花嫁奴隷〜渚〜【51】
「ああぁぁぁぁっ」
渚が首を左右に振り立て、鼻の穴の綿棒がバラバラと振りまかれた。
同時に、ワイヤーの巻かれた歯が折れて鉄アレイが床に落ちた。
竜二はその鉄アレイを無言で拾い上げると、クルリと振り向いて竜也の背中に投げ捨てた。
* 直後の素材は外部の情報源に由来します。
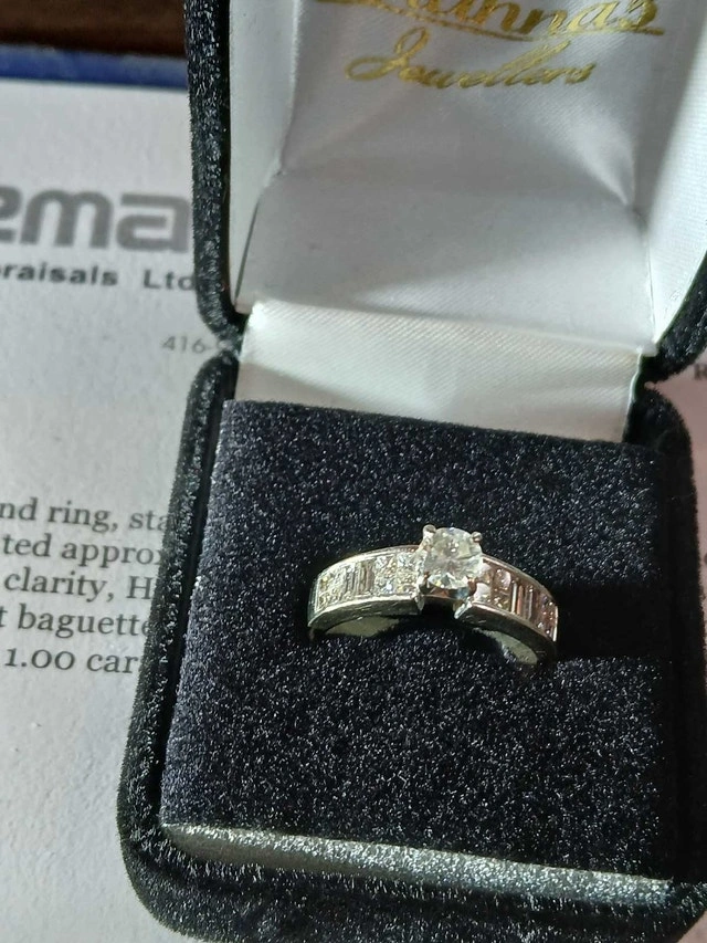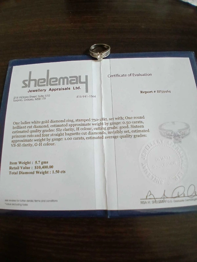 This is a beautiful 18k white gold diamond ring, featuring one round brilliant cut diamond (0.50 carats) and sixteen princess cut and four straight baguette cut diamonds (1.00 carats). The ring is stamped 750-18kt and has an estimated average quality grade of G-H colour and SI2 clarity. The item weighs 5.7 grams and was appraised at $10,400.00. This ring is in excellent condition. Asking 2900.00 but willing to negotiate If the ad is still up, the item is still available!

ぐあぁっ――と唸り声を上げた竜也の見開いた目を、熱蝋の滴がボタボタと打った。
「ひぇっへっへ……竜也ぁ、お前、片目が潰れちまったじゃないか。なら、お前の嫁さんも同じようにしてやったほうが夫婦っぽくなるだろ、んー?」
竜二が、ぶら下がった蝋燭の一本をもぎ取り、渚に向き直った。
そして「ほれっ、ほれっ」と全身に熱蝋を振りかけていく。
素肌に蝋がかかるたびに、悲鳴を上げてのけ反る渚の爪先が床を掻いた。
天井のレールが軋んで嫌な音を立てる。
そして――運命の瞬間が訪れた。
渚の身体が後ろに振れ、直後に前へ戻ろうと傾いた時である。
滑車が移動したことで、ぶら下がった蝋燭の火にあぶられていた吊り縄が、ブチリと音を立てて切れた。
前方へ倒れ込んでいく渚の身体が、目の前にいた竜二に激突した。
おっ――と声を洩らした竜二が、床に垂れていた蝋で足を滑らせ、よろけながら二、三歩後ろへ後退し、竜也の横腹に躓いて転倒した。